Reason Foundation has created a unique data set by collecting numbers from state- and local-audited financial reports. We recently compared all 50 states’ debt and liabilities for 2020 to 2022, the most recent year for which full data is available.
The accompanying map graphic gives you a sense of how all states look, color coded by the growth in the ratio of state total liabilities to per-capita liabilities, which better shows growth or reduction in state debt driven by state fiscal policies rather than just by changes in population.
You can immediately see that Florida looks pretty good relative to most other states. But before we dive into that, there are a few larger takeaways.
First, almost all states saw revenues and asset values grow during the 2020-2022 period. That helped all but one state — North Dakota — to reduce their debt ratio (the proportion of total liabilities to total assets).
Florida, during this period, reduced its liabilities substantially, with the ratio of growth in total liabilities to per capita liabilities falling more than 15%.
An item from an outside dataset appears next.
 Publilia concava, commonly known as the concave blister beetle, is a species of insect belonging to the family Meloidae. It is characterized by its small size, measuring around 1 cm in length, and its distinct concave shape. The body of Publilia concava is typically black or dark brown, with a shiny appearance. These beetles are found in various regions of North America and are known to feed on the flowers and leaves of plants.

Total liabilities fell from nearly $73 billion in 2020 to less than $62 billion in 2022. Per capita liabilities shrank from $3,383 to $2,871. That is excellent, especially compared to other states.
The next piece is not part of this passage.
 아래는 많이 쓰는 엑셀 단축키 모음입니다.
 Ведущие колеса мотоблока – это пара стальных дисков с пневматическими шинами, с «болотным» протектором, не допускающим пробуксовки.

Connecticut has the highest per capita liabilities at $29,607, more than 10 times that in Florida.
But at the same time, Tennessee has per capita liabilities of less than $1,500, about half that in Florida.
So, there is still room for improvement in Florida. What we need is more of what we have seen in the last few years. Gov. Ron DeSantis has aggressively pursued shrinking the state’s debts in recent years, including in most of his budgets hundreds of millions in accelerated debt reduction. That saves many tens of millions of dollars each year in interest payments.
Each budget that includes paying down debt early and avoiding adding to the debt reduces the state’s liabilities.
One of the largest and most politically volatile sources of state liabilities is employee benefits.
Florida reduced its government worker pension liabilities from $8.8 billion in 2020 to $3.5 billion in 2022 and also reduced other worker benefit liabilities from $91 billion to $7.3 billion.
Those reductions are thanks to a series of pension reforms passed early in DeSantis’ term in office and to resisting adding new debt and making full appropriate contributions to pension plans.
One caveat to this rosy picture, unfortunately, is local government debt in Florida. While the state has managed debt well, local governments have not.
According to Florida Tax Watch, Florida ranks third best in the nation on per capita debt, but local governments rank 19th from the bottom. That is not sustainable, and local governments in Florida should learn something from DeSantis’ fiscal management.